Reflections

>    I am just returning from a 10 day vacation and notice that the reported news is bleak…still. Hurricanes, terrorists, a U.S. Senator lacking personal ethics and a national football player lacking common sense and respect for life. Pretty much the usual fare. How to cope with all this negativity and stress remains one of the most important questions of our time… so I’d like to share a possible method for dealing with it.
    Thousands of years ago Buddha suggested that our suffering originates from the mis-perception of who we really are and our resulting separation from all things when, in fact, separation does not exist. Judaism has an equally liberating thought passed down through its mystic tradition of Hasidism that says every word we speak creates movement in the world of matter. I think the blending of these two views of how we use our Consciousness provide an excellent pathway for “right” living in difficult times.

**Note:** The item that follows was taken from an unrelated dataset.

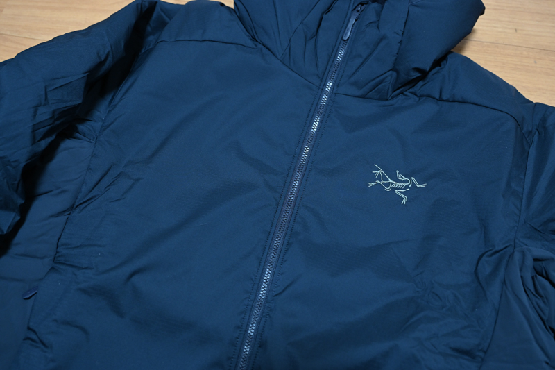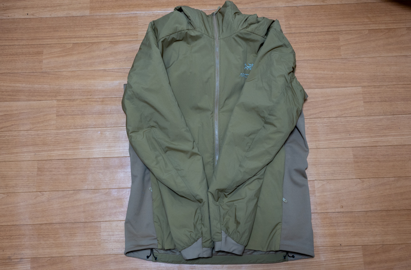 全体像を見て分かる通り,アトムSVとの大きな違いの一つは,サイドパネルがフリース素材になっていることだ.このおかげで通気性が上がっており,より行動中に熱を逃がしてくれる.また,中綿素材の量もかなり異なっている用で,アトムSVを触ったあとにアトムを触るとペラペラに感じる.アトムSVとは使い分けが重要だ.

    According to Buddha, when we see a reflection in a mirror we forget that we are the mirror, not the reflection. Our tendency is to think we are the “stories” we repeat over and over about ourselves. “I am a lawyer”…”I am a mother”…”I can’t sleep at night”…”I’m not good at drawing”…”I gain weight easily”…”My work is boring”…”My brother and I can’t get along.”  These “stories” are how we define ourselves. Like the actress Marilyn Monroe, who lost who she really was to the character she created, we lose who we really are when we forget that all of our “stories” are just images passing in front of the mirror of our Consciousness. Who We Really Are is the Consciousness, not the images. The images are transitory. Consciousness is boundless and eternal.
    According to the Hasidic tradition, Rabbi Nachman said, “All thoughts of man are speaking movement, even when he does not know it.” So how and when we use our thoughts, and words…even the very words we choose to use, not only impacts our reality…they create it!
    Now if words create our world, and there is no separation, then what we say about ourselves and others forms the reality we personally live in but also forms the greater reality as well
   
And if the stories we tell about ourselves and others are not who we are or who they are but simply transitory experiences passing in front of our collective Consciousness…then perhaps we need to think less, talk less and feel more.
    In both thought and speech, our ego has its greatest power. Ego is nourished by separation. It’s sustenance is derived from self-importance. When we move out of our minds and into our hearts, our feeling centers, we are able to step outside of ourselves and our ego to connect with others through identification and compassion
    The “stories” that we are fed daily about natural disasters and terrorists and Senators and football players are just transitory images passing in front of the mirror of our Consciousness. Let’s not get frozen in those images and forget who we really are.
    Who We Really Are is a fragment of the whole spectrum of possibility that exists anew each and every second of existence.
    When you sit with that thought and really feel it…all those stories we tell, and are told, get really small.